Well, that sounds quite nice and is definitely something that needs to be done. However, PiS is refusing to implement most obvious and reliable methods (like reverse charge for VAT) and is going towards more bureaucracy and more complicated laws. As we know, this usually yields opposite results. It is hard to determine the possible outcome of government’s actions but the estimated PLN 50 billion increase in revenue is simply ridiculous. Reaching PLN 5 billion in the coming year would be a tremendous success. Half of it may be reachable.

  1. Bank tax (PLN 4 billion)

PiS plans to introduce tax on banks’ assets. Assuming all the banks comply with it, it may yield PLN 4 billion. However, banks will surely find easy ways of tax avoidance like debt securitization. Nevertheless, the one bank that will undoubtedly comply is the state-controlled PKO BP – although extra bank tax will be offset with lower income tax and lower dividends from this bank. Politicians claim banks will not transfer the cost onto clients due to competition. Clearly they have not participated in ECON101.

  1. Supermarket tax (PLN 1-3 billion)

Supermarkets along with banks are treated in Poland as scape goats (for not being owned by Poles…) hence the idea of extra taxation. It seems that all supermarkets will have to pay it. Again, politicians claim this will have no influence on prices. As we speak, supermarkets consider division into smaller shops to avoid this tax.

  1. 39% income tax for the richest (up to PLN 500 million)
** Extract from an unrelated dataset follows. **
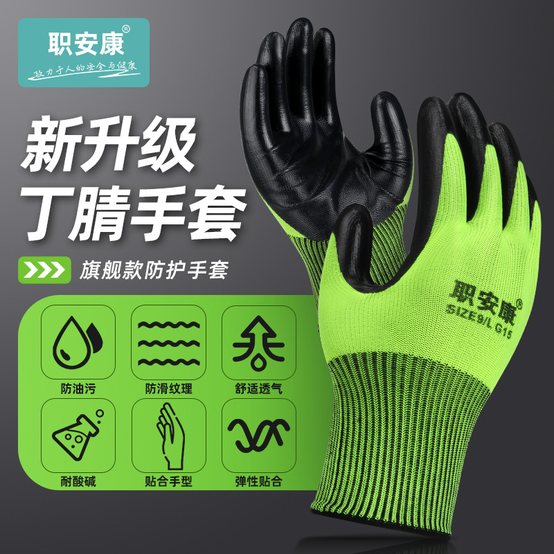 Sarung tangan berlapis nitril kesehatan, perlindungan tenaga kerja tahan aus dengan lem, sarung tangan kulit celup, perlindungan tanpa lem
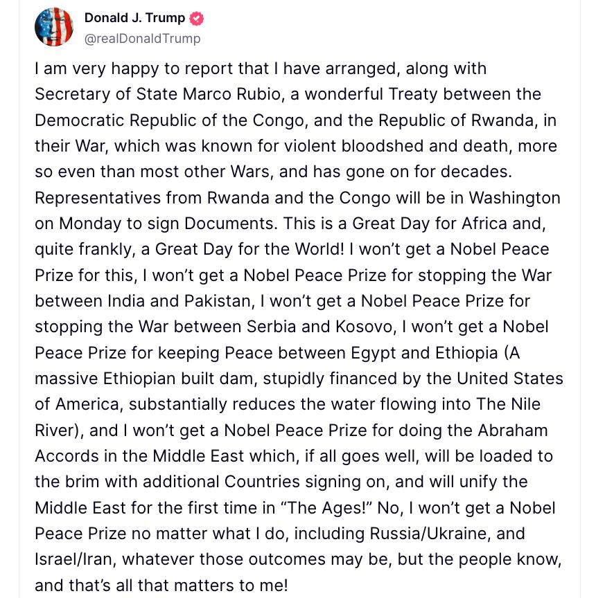 "Я не отримаю Нобелівську премію миру, що б я не робив, включаючи Росію/Україну, Ізраїль/Іран, хоч би якими були ці результати, але люди знають, і це все, що має для мене значення", - написав Трамп.

Rich are always easy to tax in theory but quite hard in practice. Even assuming full success, the results for the budget are negligible.

So what is the bottom line? About PLN 60 billion in spending and (in the beast case scenario) PLN 10 billion in extra revenue. PLN 40 billion of deficit. It seems that Poland can go broke within the forthcoming year. And even if we survive the following year, we will only have larger deficit. I wonder how economic liberals in the current government feel facing such a perspective. The question is whether PiS intends to sink the country or maybe Beata Szydło’s cabinet is designed to withdraw from the promises and fail so that Jarosław Kaczyński may step in and save the day?